October 15th, 2020
“Tick, tock, tick, tock,” the daily sound of nothing happening in the office. All I can hear every passing day in the office is the sound of the old analog clock perched on the top of the windowed wall and the air conditioning as it turns on and off. This week has been so tick tock and air flow quiet. Not only has it been uneventful it has been dreary. Life has felt like a single song stuck on loop, repeating every time it is over. That is how my days have felt, on repeat: wake, work, smoke, workout, eat, repeat.
Not that my life has turned boring, but that is it, I am living LIFE. Life is not always exciting. I get to wake up to a charming, handsome young man lying next to me every day. I get to have a job that pays me well and I get paid to practically do nothing all day. I have a family that loves me.

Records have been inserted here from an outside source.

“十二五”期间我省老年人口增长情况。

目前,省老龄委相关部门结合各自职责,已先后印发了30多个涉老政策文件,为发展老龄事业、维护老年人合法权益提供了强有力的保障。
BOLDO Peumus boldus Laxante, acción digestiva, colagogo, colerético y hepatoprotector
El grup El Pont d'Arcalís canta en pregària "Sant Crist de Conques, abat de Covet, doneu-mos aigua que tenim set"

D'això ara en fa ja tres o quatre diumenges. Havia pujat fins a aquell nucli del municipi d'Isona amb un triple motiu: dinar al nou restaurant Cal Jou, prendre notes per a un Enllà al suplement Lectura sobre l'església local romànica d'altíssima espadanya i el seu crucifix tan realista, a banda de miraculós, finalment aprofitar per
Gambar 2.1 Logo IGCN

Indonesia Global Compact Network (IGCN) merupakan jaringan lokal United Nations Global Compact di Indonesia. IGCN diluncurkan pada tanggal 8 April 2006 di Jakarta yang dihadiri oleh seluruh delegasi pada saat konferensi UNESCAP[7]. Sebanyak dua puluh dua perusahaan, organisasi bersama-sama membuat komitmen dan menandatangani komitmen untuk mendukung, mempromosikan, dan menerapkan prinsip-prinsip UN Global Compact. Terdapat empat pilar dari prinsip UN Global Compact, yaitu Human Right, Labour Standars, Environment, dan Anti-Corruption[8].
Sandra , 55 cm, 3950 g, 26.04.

I live with friends that enjoy my cooking and I get to come home to and wind down with after a long day. Life is just life. I am not upset with the lack of anything happening, but it is just feeling like a drag because of it. Every day feels the same and I have started to sort of feel that sluggish, slowed down, unmotivated feeling that goes along with it.
The struggle to get up early this morning and workout has been like no other week. I have lied awake in bed contemplating whether to get up and go workout or not every morning. This Thursday morning was the first morning I was able to get my butt off the bed and at least get a bike in early in the morning. I mean, I should not be so hard on myself as I worked out twice this week already, but after work, which is not always the best workout as I am tired by that time. Yes, you may think to yourself ‘how does she even get home tired when she said she does next to nothing at work?’ well, doing nothing all day is exhausting!

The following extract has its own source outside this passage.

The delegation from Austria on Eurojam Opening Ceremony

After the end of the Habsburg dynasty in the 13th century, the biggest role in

The mental drain that happens while I sit here in front of the computer and get my daily tasks done or answer phone calls is real. Not only does it take a lot more effort to be bored, it also takes a lot more thinking. All this time to myself when I complete all my tasks gives me SO much time to think. We all think to ourselves on our down time, but sometimes having too much time to think is not a good think. That is the problem I am currently facing. I have so much down time I could literally have written a novel by now. Instead, I read, surf the web, online shop, or spend time on my social media accounts. I try to do the most productive things while at work like reading and writing (hence the blog), but sometimes it is just impossible, and I end up spending half the day looking at coats online.
Can you begin to understand why my days feel long and dreary? I am twenty-five years old and I feel like I am stuck in this place forever. This cannot possibly be what my life is going to be for the next year or so? Am I not the one who wanted to move and start fresh? This job is new, but it is so mentally draining being alone 40 hours, five days a week. I am left with the question of what my next step should be, without really knowing how to answer that myself. Where do I belong in this social construct we have created for ourselves? How can I escape a ‘settling’ life as opposed to breaking the chain and achieving the greatness I know I was born for?